In short, a great product must have both types of features to be world-class.
Let’s dive deeper on an example from my work. Part of working on platforms that empower data scientists is the challenge of getting those data scientists, who are accustomed to using their own specialized setup to try something new. Many industries have this same challenge. When we began building features for data scientists, we knew they would appreciate easily integrating with tools that give them special powers, like easy traceability of a machine learning model or the ability to quickly containerize and scale a model for a massive user base without having to really understand the infrastructure. These are features that sing for the data scientist.
Crucially, however, all these features did was get people excited, but they weren’t very productive for user adoption or creating real behavior change or producing results for a customer problem. When we dived in with a representative set of users, we quickly learned that we had gotten a bit too excited and skipped right past some of the core features that whisper. For example, what happens when the data scientist is working with billions or trillions of high-velocity records instead of a volume that can be interrogated on a local laptop setup? How can a user access all these great features from their existing, comfortable developer environment instead of requiring them to use one of our own creation? What’s the fastest way to understand what data is available to them, and how can we limit or restrict roles to prevent misuse or costly mistakes that could taint the environment for that data scientist or other users? Each of these is a potential feature that whispers, and what it’s saying is “you’ve got to make this easy for me” and “it must solve a problem I actually have today, not just one that would be cool.” If the user gets stuck easily, your innovation isn’t an innovation at all, it’s just a poorly executed idea.
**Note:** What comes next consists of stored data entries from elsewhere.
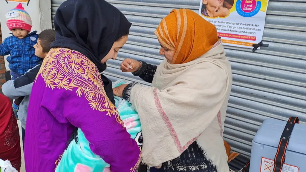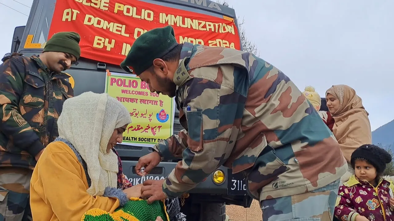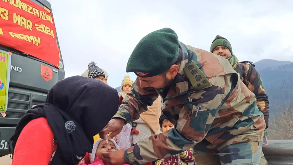 Bhaderwah : Like other parts of UT of Jammu and Kashmir, despite inclement weather conditions the Intensified Pulse Polio Immunization (IPPI) Programme 2024 for the children between 0-5 years age started in District Doda on Sunday. In a great initiative Indian Army also join hands to reach out to maximum children for the vaccination.
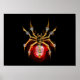 Mechanical, steampunk spider with gold, brass gears and a red glass lamp on a black background. Steampunk style.
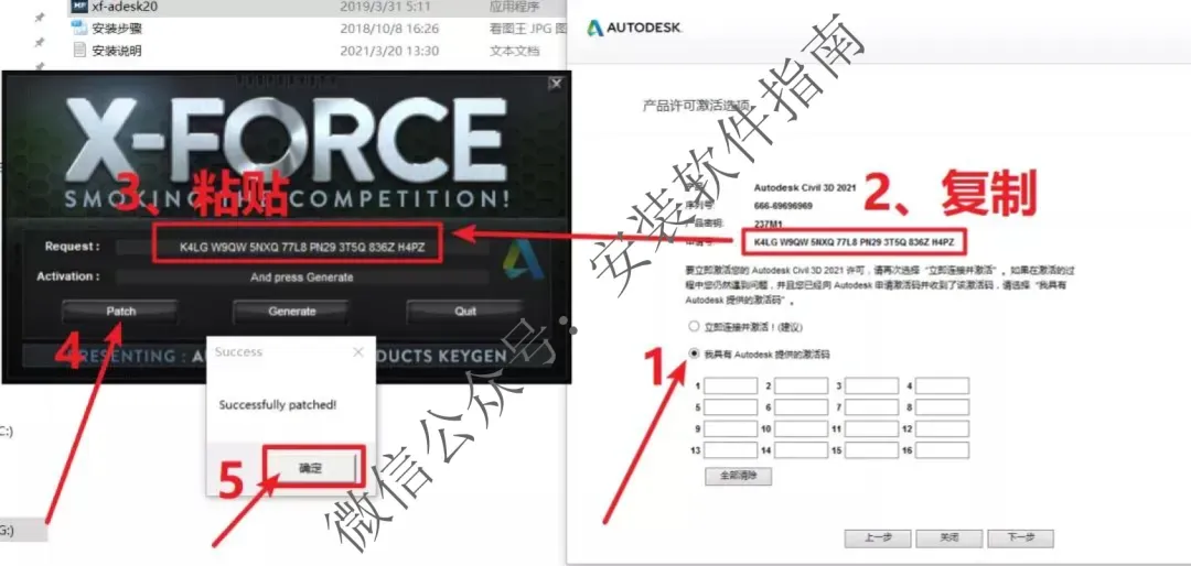 24.点我具有Autodesk提供的激活码;复制【申请号】后的代码;然后将代码粘贴到【Request】后的框中;点【Patch】然后点【确定】
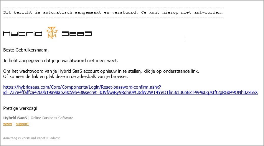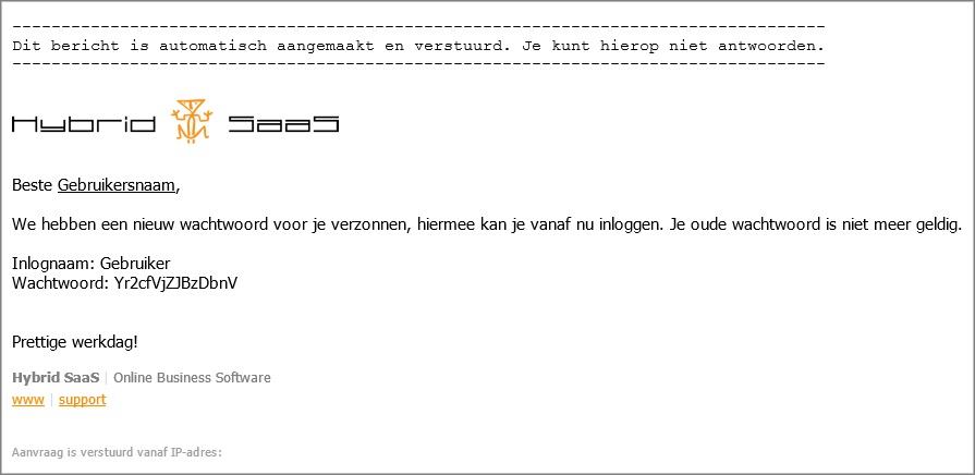 Zodra je deze optie kiest wordt er een e-mail gestuurd naar de gebruiker. Deze ontvangt onderstaand bericht en kan nu inloggen met de nieuwe inlognaam en wachtwoord.
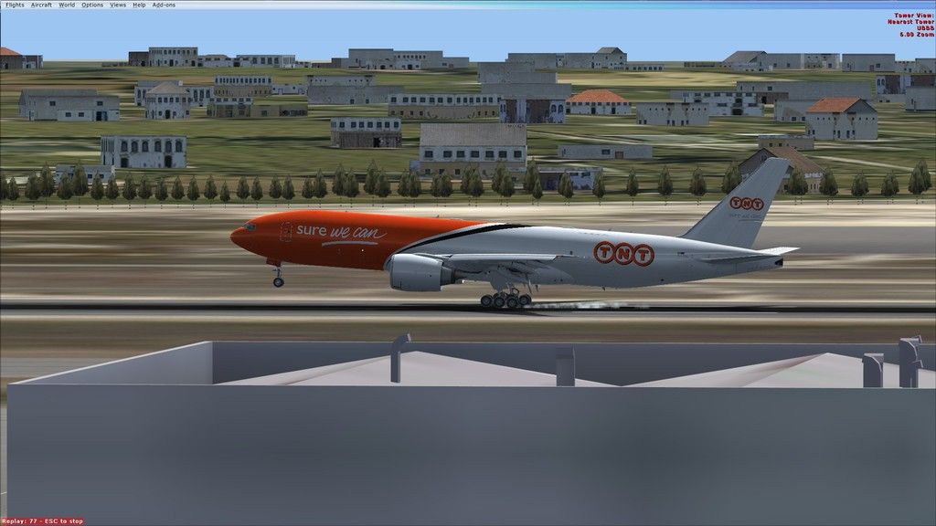 On final approach to UBBB airport.   I'm loving the graphics in P3D, look at the football field below!
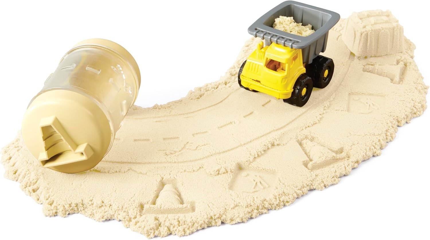 La sabbia speciale è cinetica, non secca mai e mantiene sempre una consistenza soffice e compatta, perfetta per scavare, costruire e trasportare materiali con il camion incluso.
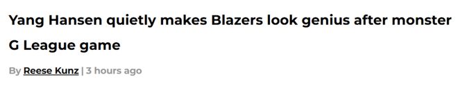 杨瀚森31分爆发扭转评价!波特兰媒体点赞:要继续持有这支股票
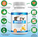 - Itch & Allergy Relief with Omega-3 for Dogs - Great Tasting 800mg per tablet of Omega 3 fish oil for Dogs - These chewable supplement tables help with hot spots, dry itchy skin, ease itching, irritated skin, stops shedding. Support healthy hip and joints, brain, heart, immune health. Allergy Relief and Hip & Joint Health Combined
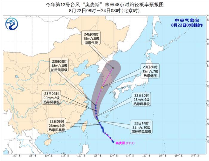预计“奥麦斯”将以每小时15公里的速度向北偏西方向移动,强度将有所加强,受其影响,今明天东海东部有9~10级阵风,台风中心经过的附近洋面有11级阵风。
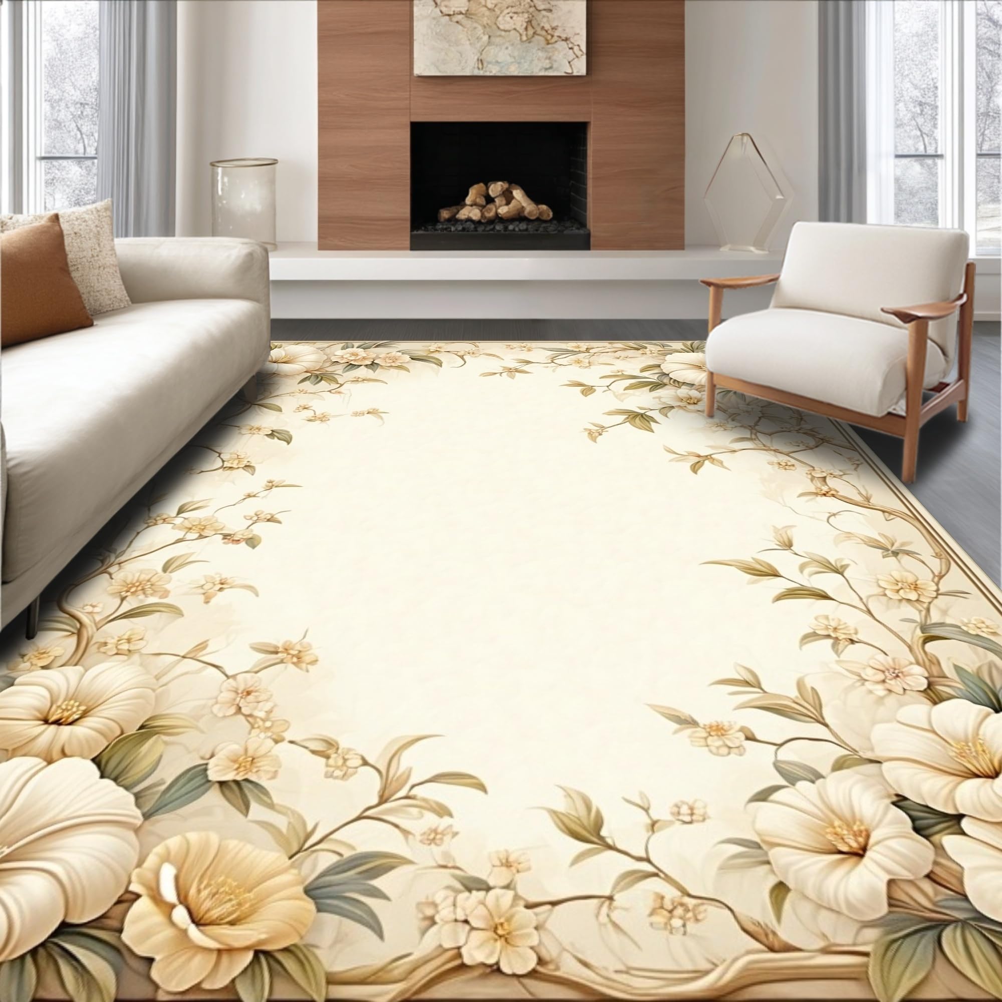 Pastoral Charm Beige Area Refined Cottage Floral(Beige)

The trouble is, each of these styles of innovation tends to resonate differently with different sets of personalities, so a great product requires both types of people on the team, that is the ones who love singing and the ones who love whispering. The balance between them is more art than science and depends on the level of market penetration and where and how the business wants to grow, but I can say from many experiences in both extremes, the extremes are not where you want to be to make something amazing.